High Technology Letters 2016年1期

Zhou Binghai (周炳海), Zhong Zhenyi

(School of Mechanical Engineering, Tongji University, Shanghai 201804, P.R.China)

Zhou Binghai (周炳海)②, Zhong Zhenyi

(School of Mechanical Engineering, Tongji University, Shanghai 201804, P.R.China)

In order to improve the scheduling efficiency of photolithography, bottleneck process of wafer fabrications in the semiconductor industry, an effective estimation of distribution algorithm is proposed for scheduling problems of parallel litho machines with reticle constraints, where multiple reticles are available for each reticle type. First, the scheduling problem domain of parallel litho machines is described with reticle constraints and mathematical programming formulations are put forward with the objective of minimizing total weighted completion time. Second, estimation of distribution algorithm is developed with a decoding scheme specially designed to deal with the reticle constraints. Third, an insert-based local search with the first move strategy is introduced to enhance the local exploitation ability of the algorithm. Finally, simulation experiments and analysis demonstrate the effectiveness of the proposed algorithm.
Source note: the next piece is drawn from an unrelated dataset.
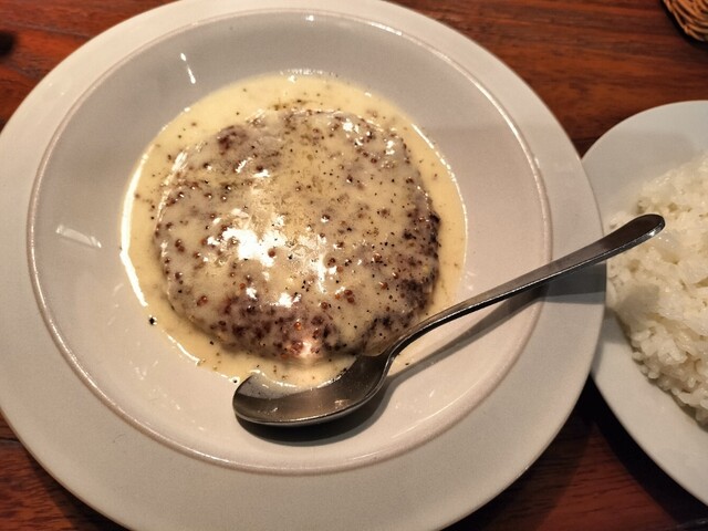 お昼時に訪問。満席で1組待ち。人気店★ 入り口にメニューが書いてありました。 バター醤油のハンバーグ、Bランチにしました。 お店の雰囲気は落ち着きのあるゆっくりできそうな... 詳細を見る

semiconductor manufacturing, parallel machine scheduling, auxiliary resource constraints, estimation of distribution algorithm

0 Introduction

The manufacturing of integrated circuits (ICs) on silicon wafers is a complex production process. Photolithography is one of the main production process steps in the wafer fabrications. 35% to 45% of work-in-process (WIP) of a wafer fabrication system typically resides in the photolithography area[1]. As the bottleneck process of fabricating complex wafers with the most expensive equipment, the photolithography almost determines the throughput and the cost of semiconductor manufacturing[2].
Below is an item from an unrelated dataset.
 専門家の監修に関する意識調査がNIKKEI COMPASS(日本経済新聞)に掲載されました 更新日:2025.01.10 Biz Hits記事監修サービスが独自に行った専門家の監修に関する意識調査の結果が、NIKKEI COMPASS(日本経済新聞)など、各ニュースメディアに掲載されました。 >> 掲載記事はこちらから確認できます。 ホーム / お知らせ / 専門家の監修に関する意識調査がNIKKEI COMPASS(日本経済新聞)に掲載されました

A mould used to produce chips is called a reticle, which must be on the litho machine for the duration of a wafer lot’s processing. Reticles can be thought of as auxiliary resource constraints in the photolithography process. ICs are built by repeatedly constructing layers with desired properties on the silicon wafer’s surface. Every layer of each product can require its own unique reticle and a set of reticles for a single product can cost well over MYM150 K. In this paper, photolithography scheduling motivates our investigation into parallel litho machine scheduling in the presence of reticle constraints to minimize total weighted completion time, thus improving the scheduling efficiency of photolithography and leading to financial gains.
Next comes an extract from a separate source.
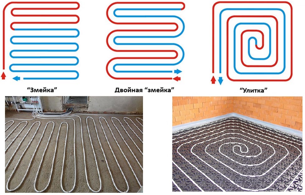 Варианты укладки труб: простые, угловые или двойные петли (змейки), спирали (улитки). Для узких коридоров и помещений неправильной формы используют укладку змейкой. Большие площади разбивают на сектора. Допускается комбинированная укладка: в краевой зоне труба выкладывается змейкой, в основной части — улиткой.

The scheduling problem of the photolithography area has aroused much attention from home and abroad researchers and has become an issue of concern in our country recently. Ref.[1] investigated scheduling rules to assign WIP to litho machines to maximize production volume. Ref.[3] described several heuristics for litho machine and reticle scheduling based on appropriate modifications of the apparent tardiness cost (ATC) dispatching rule. Ref.[4] proposed two heuristics and a tabu search-based post processing algorithm. Ref.[5] investigated the problem of the load balancing among litho machines and presented a novel model. Ref.[6] solved the photolithography production control problem based on process capability indices. Ref.[7] established a multistage mathematical programming based scheduling approach with the objected goal of maximization of throughput, minimization of setup cost and a balancing of machine utilization. Ref.[8] put forward a time window rolling- and GA-based method for the dynamic dispatching problem in photolithography area. Ref.[9] introduced discrete event simulation (DES) and mathematical programming techniques into semiconductor manufacturing. This DES model allows a detailed problem description. Ref.[10] studied non-identical parallel machines with time constraints in semiconductor manufacturing and developed simple heuristics. Ref.[11] solved a litho machine scheduling formulation by using the branch-and-cut method.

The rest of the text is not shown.